**Source material:**
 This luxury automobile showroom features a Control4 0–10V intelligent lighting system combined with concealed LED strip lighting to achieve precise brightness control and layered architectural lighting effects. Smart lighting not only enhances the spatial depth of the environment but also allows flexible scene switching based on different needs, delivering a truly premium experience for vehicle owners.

...

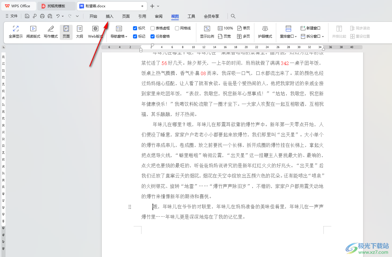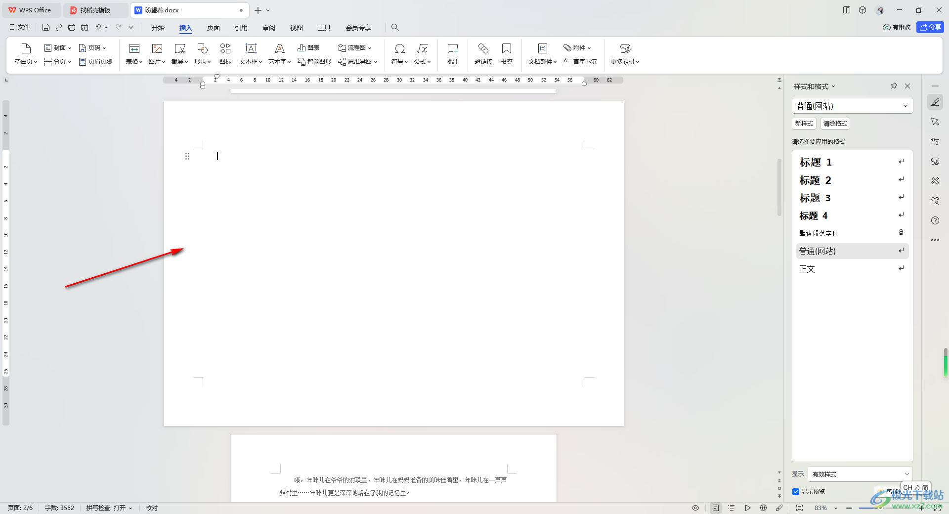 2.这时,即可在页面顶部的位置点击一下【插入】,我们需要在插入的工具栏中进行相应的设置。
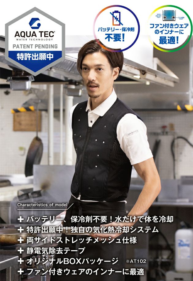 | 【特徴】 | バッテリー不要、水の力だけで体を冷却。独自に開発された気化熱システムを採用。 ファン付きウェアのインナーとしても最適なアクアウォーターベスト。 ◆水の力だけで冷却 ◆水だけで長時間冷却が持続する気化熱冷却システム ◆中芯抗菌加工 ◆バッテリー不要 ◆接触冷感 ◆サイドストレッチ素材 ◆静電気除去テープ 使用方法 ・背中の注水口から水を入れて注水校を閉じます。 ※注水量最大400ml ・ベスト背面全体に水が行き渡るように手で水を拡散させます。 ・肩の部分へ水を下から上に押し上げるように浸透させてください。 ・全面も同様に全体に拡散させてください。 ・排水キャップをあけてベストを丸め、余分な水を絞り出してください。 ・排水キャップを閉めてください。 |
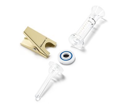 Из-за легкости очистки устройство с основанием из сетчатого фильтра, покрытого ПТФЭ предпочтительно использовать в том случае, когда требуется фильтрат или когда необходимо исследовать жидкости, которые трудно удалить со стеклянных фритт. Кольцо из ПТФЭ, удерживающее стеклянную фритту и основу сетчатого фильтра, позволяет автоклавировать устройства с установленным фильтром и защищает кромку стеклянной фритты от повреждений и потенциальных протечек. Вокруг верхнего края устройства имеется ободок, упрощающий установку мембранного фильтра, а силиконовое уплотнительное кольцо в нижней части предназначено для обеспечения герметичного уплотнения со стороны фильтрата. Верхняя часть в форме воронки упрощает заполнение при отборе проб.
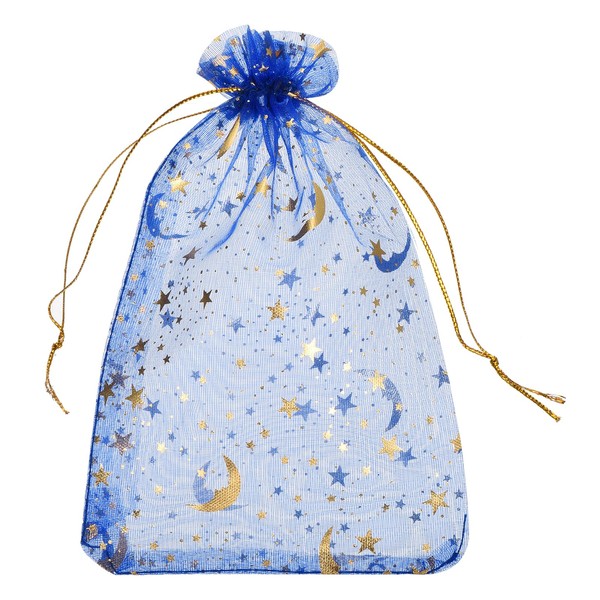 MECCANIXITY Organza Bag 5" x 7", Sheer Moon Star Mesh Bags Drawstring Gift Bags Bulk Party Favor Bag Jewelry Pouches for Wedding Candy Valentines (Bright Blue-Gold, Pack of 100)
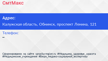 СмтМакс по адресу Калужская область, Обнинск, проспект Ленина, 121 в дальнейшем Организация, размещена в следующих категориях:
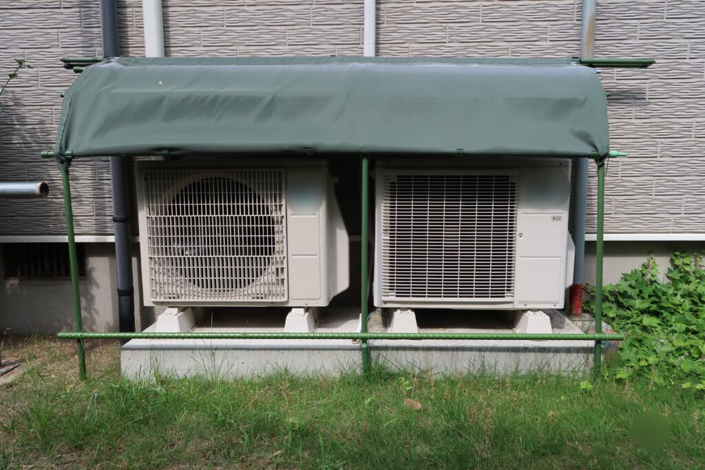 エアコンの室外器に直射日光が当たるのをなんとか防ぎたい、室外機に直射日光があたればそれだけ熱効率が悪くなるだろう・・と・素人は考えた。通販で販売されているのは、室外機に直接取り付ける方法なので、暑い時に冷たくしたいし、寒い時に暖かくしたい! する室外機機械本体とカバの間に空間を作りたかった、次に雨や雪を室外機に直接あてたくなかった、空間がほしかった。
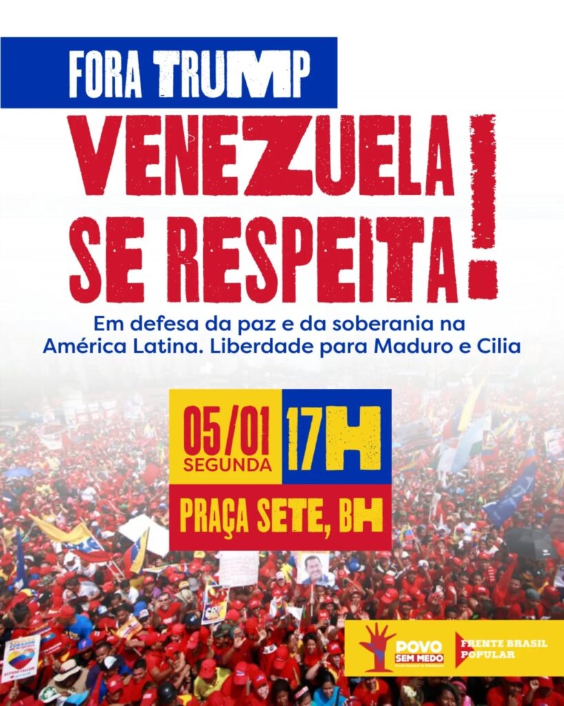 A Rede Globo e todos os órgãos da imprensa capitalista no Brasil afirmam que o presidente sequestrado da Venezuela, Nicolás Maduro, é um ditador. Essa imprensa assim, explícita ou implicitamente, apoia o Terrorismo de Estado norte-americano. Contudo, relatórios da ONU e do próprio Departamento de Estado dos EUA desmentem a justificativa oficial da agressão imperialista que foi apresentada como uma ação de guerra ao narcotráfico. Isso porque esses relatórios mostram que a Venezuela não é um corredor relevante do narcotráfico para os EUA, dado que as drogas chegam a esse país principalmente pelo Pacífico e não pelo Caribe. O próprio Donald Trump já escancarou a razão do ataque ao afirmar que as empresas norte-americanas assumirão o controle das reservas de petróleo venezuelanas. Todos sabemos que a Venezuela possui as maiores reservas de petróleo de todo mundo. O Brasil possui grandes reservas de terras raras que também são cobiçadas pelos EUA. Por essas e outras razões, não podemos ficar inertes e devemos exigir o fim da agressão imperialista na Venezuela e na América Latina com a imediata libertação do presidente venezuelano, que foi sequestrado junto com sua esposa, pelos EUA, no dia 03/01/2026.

---

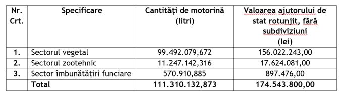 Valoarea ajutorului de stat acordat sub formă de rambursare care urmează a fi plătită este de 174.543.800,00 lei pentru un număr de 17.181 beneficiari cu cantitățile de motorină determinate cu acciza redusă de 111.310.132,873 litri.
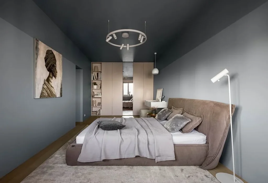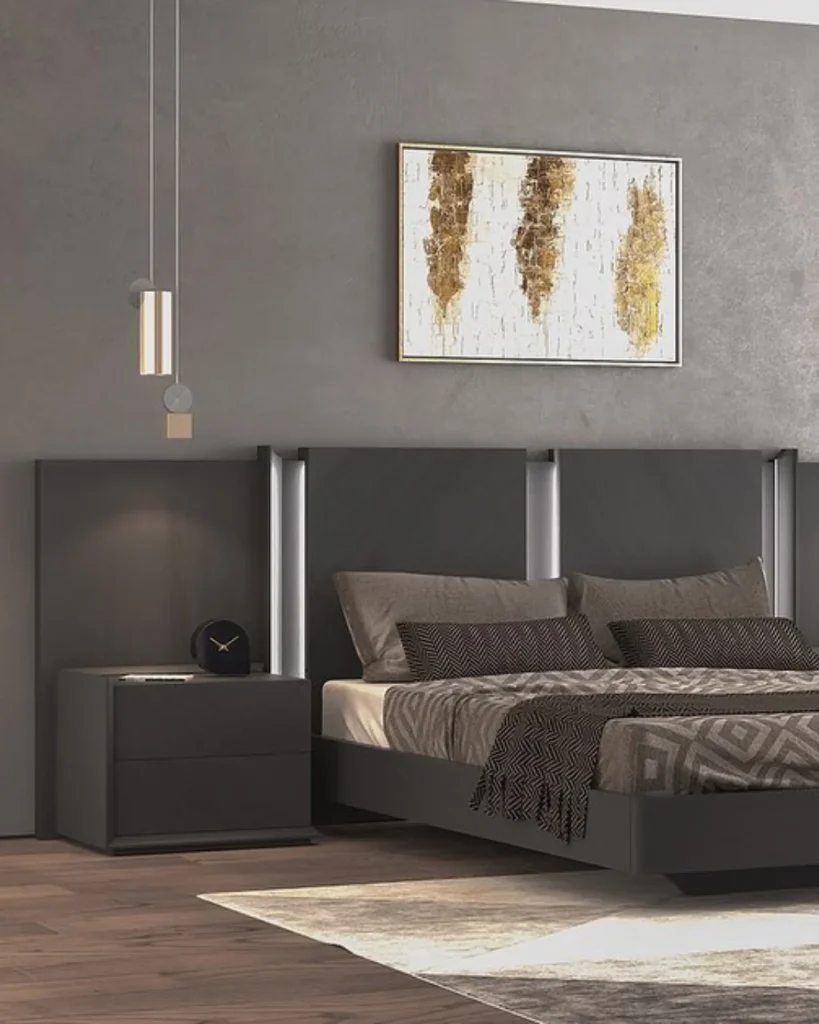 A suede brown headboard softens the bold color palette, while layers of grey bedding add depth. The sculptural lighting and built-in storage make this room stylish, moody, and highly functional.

**The task:** Give back exactly the lines above from the one with "Из-за легкости очистки" through the one with "СмтМакс по адресу", both included. Pictures don't belong in the copy.

**Output for this task:**
 Из-за легкости очистки устройство с основанием из сетчатого фильтра, покрытого ПТФЭ предпочтительно использовать в том случае, когда требуется фильтрат или когда необходимо исследовать жидкости, которые трудно удалить со стеклянных фритт. Кольцо из ПТФЭ, удерживающее стеклянную фритту и основу сетчатого фильтра, позволяет автоклавировать устройства с установленным фильтром и защищает кромку стеклянной фритты от повреждений и потенциальных протечек. Вокруг верхнего края устройства имеется ободок, упрощающий установку мембранного фильтра, а силиконовое уплотнительное кольцо в нижней части предназначено для обеспечения герметичного уплотнения со стороны фильтрата. Верхняя часть в форме воронки упрощает заполнение при отборе проб.
 MECCANIXITY Organza Bag 5" x 7", Sheer Moon Star Mesh Bags Drawstring Gift Bags Bulk Party Favor Bag Jewelry Pouches for Wedding Candy Valentines (Bright Blue-Gold, Pack of 100)
 СмтМакс по адресу Калужская область, Обнинск, проспект Ленина, 121 в дальнейшем Организация, размещена в следующих категориях:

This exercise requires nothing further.